Provided data
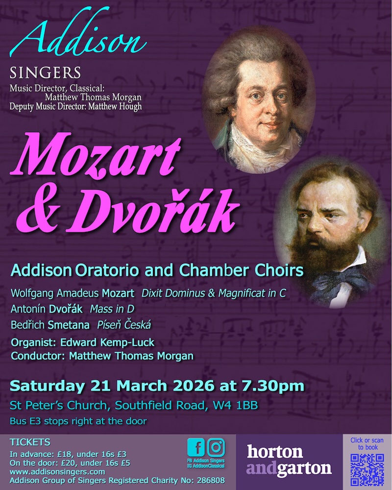 The Addison Singers Spring Concert 2026 will take place on 21st March 2026 with a programme of works celebrating the best of modern British composition and composers native to, or associated with, Prague, where the Classical Choirs will tour to in May 2026.
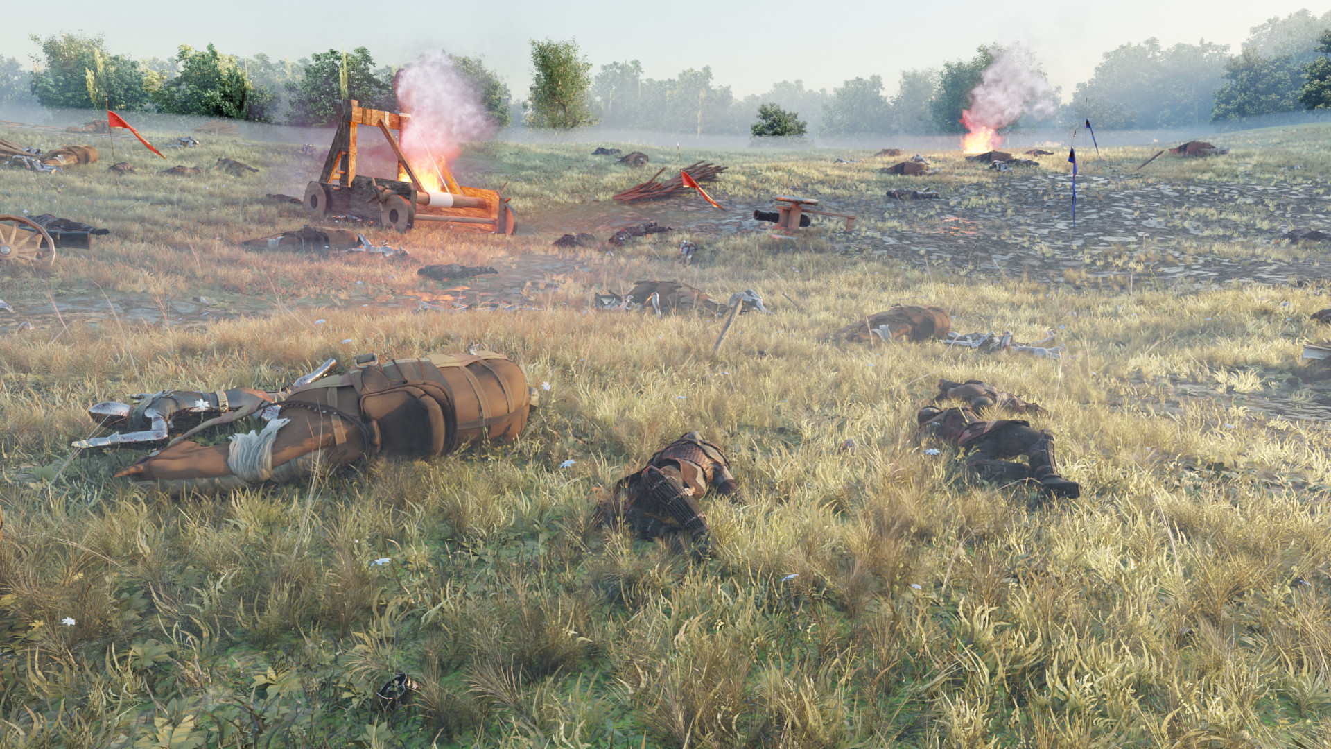As the dust of battle settles, you arrive to aid the wounded soldiers of Danburg. It seems no danger lurks on the horizon. Weapons are scattered everywhere—swords, armor, helmets… Take advantage of this great opportunity! Decide who to help and who to rob! Observe your surroundings, collect weapons, gather armor, sort them and pick the best ones. Once you’ve gathered enough gear, head to the workshop. Just remember—your cart can’t carry everything
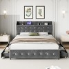King Size Bed Frame, Upholstered Platform Bed Frame with 4 Storage Drawers, Bed Frame with Diamond Tufted Headboard, No Box Spring Needed

Task instructions
The line containing "As the dust" and every line after it, through the end of the material above, are to be printed exactly; no pictures belong in the output.

Worked solution
As the dust of battle settles, you arrive to aid the wounded soldiers of Danburg. It seems no danger lurks on the horizon. Weapons are scattered everywhere—swords, armor, helmets… Take advantage of this great opportunity! Decide who to help and who to rob! Observe your surroundings, collect weapons, gather armor, sort them and pick the best ones. Once you’ve gathered enough gear, head to the workshop. Just remember—your cart can’t carry everything
King Size Bed Frame, Upholstered Platform Bed Frame with 4 Storage Drawers, Bed Frame with Diamond Tufted Headboard, No Box Spring Needed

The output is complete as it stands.